インドネシア政府がSIMカード規制、未登録番号は2018年5月より利用不可

5月1日、インドネシアでは大規模な規制が実行される。それは携帯電話のSIMカードに関するものだ。

セルラー端末の所有者全員を対象に、SIMカードに使用者の個人情報を登録することが義務付けられた。登録期限は4月30日まで。5月1日以降、情報未登録のSIMカードはそのアクセスがすべてブロックされる。

最終期限は5月1日

SIMカードと使用者の個人情報を登録するシステムは、去年から段階的に構築されていた。

この登録は今年2月末日までが本来の期限であるが、そこから60日以内に通話、インターネット、SMS送受信などが段階的にブロックされてきた。情報未登録のSIMカードがすべて利用不可能になるのが5月1日というわけだ。

規制の背景

スマホの利用シーンは、日を追う毎に広がっている。

電子決済は珍しいものではなく、スマホアプリを介した金融投資も可能だ。一方で、端末所有者が判明しないことが問題視されるようになった。

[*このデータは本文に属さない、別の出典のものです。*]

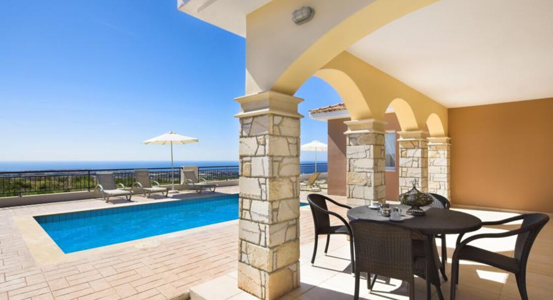 Three Bedrooms Villа (128 кв.м., макс. 8 чол.) - 3 спальні та вітальня, тераса та сад, 2 двоспальні ліжка, міні-кухня, 2 ванні кімнати з ванною та душем, басейн.
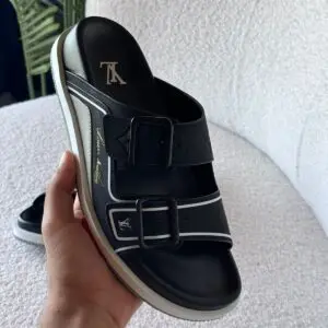 Elevate your summer style with the LOUIS VUITTON Trainer Mules Sandals—a perfect fusion of luxury and comfort. Crafted with premium materials and iconic LV detailing, these sandals feature a sleek mule design with a cushioned footbed for all-day ease. The bold Trainer silhouette adds a sporty-chic edge, while the signature monogram accents ensure timeless sophistication. Ideal for casual outings or elevated leisure, these sandals are a must-have for fashion-forward individuals.
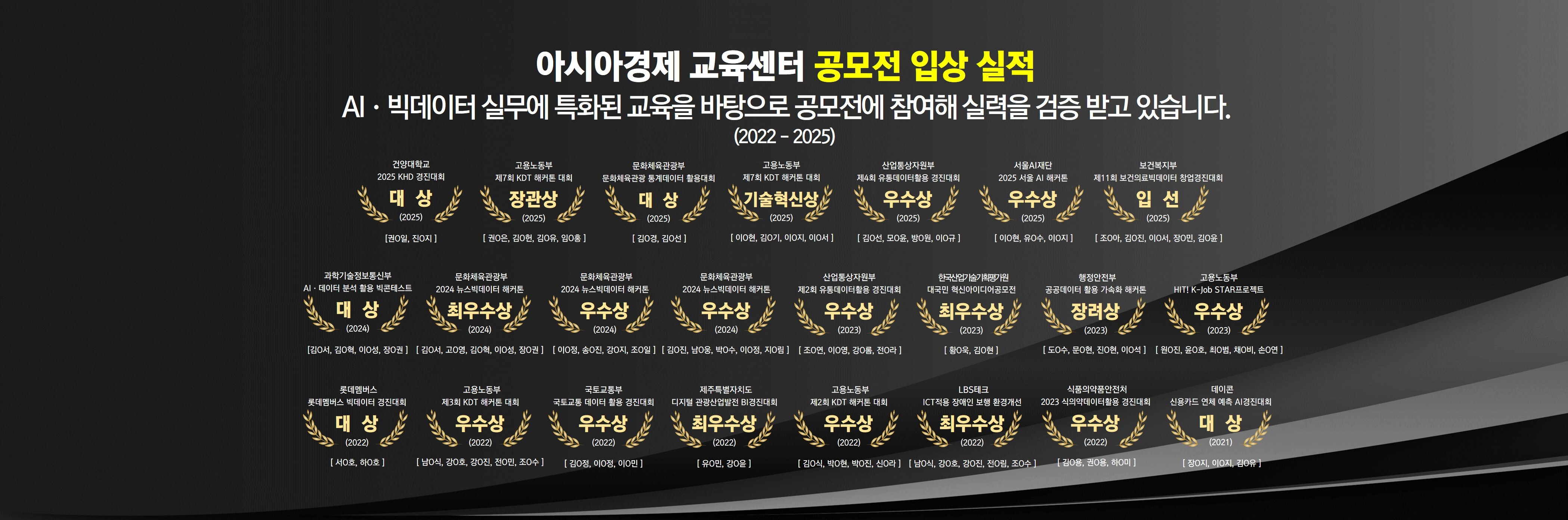 - 훈련생 대외 공모전 수상 실적(2022-2025년 총 23건)
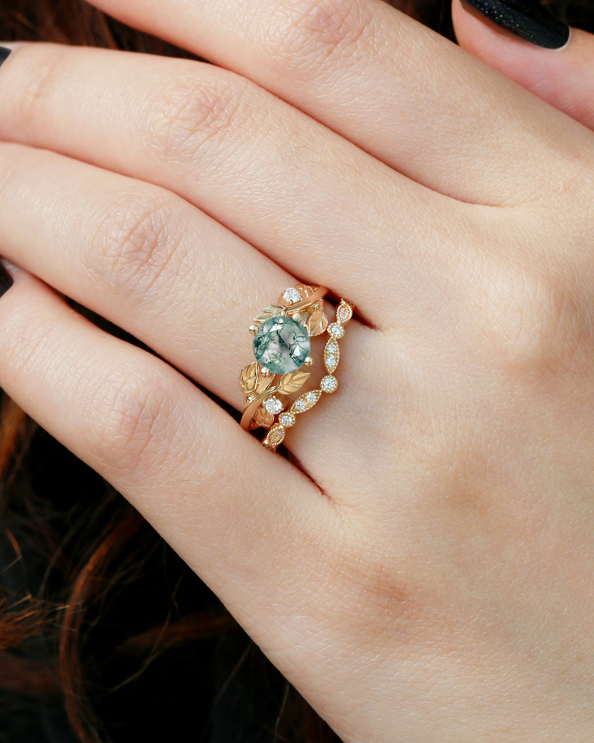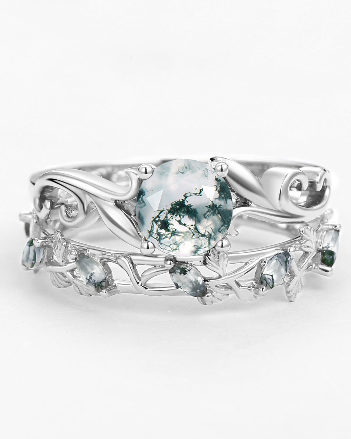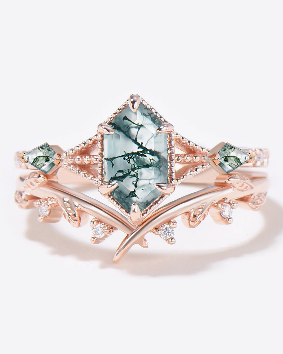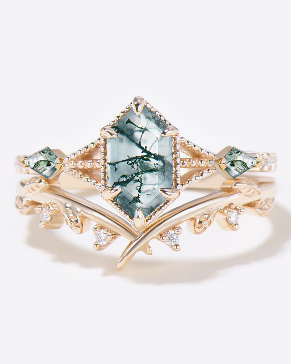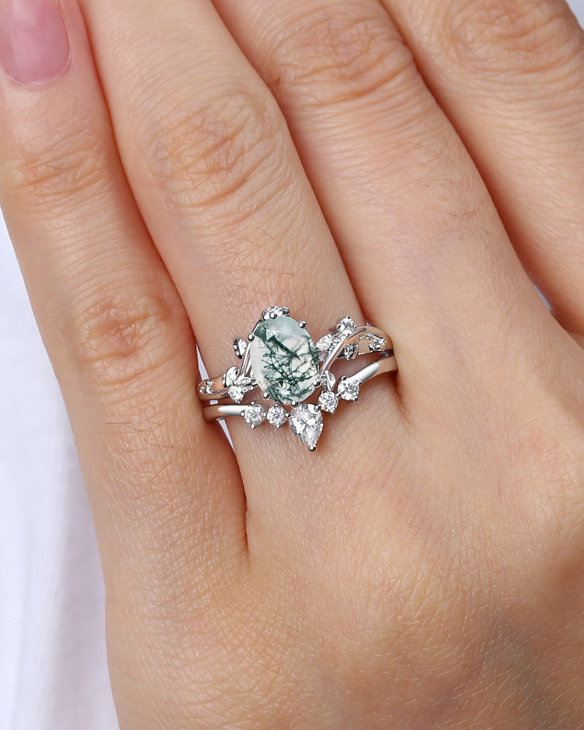 Nature Inspired Engagement Rings include branches nature engagement rings and leafy nature inspired wedding rings, both of which are inspired by natural vines, especially the vine moss agate engagement ring and the moss agate leaf bridal set.

インドネシアでは零細規模の屋台でもSIMカードが販売されてきたが、その際の個人情報登録は必要なかった。規制の背景には、電子決済やオンライン決済サービス普及に向けて情報を整備する必要があったことが挙げられる。

また、テロリストが複数のSIMカードをその場で一括購入することも可能であり、これを防ぐことも今回の規制の背景だと言える。その他、ネット上のデマ拡散を防ぐ狙いも考えられ、今回の規制は最近の世界情勢やネット環境を受けて施行されるものだと見られる。

外国人も対象

この規制は、インドネシア国内にいる外国人も対象内である。

このため、インドネシアのSIMを保有していてまだパスポート登録を行っていない日本人はキャリアのカウンターに行ってこの手続きをしないと、通話やデータ通信が出来なくなってしまう。住民登録証を持つインドネシア人はSMSで登録できるが、外国人はカウンターに行かないといけない。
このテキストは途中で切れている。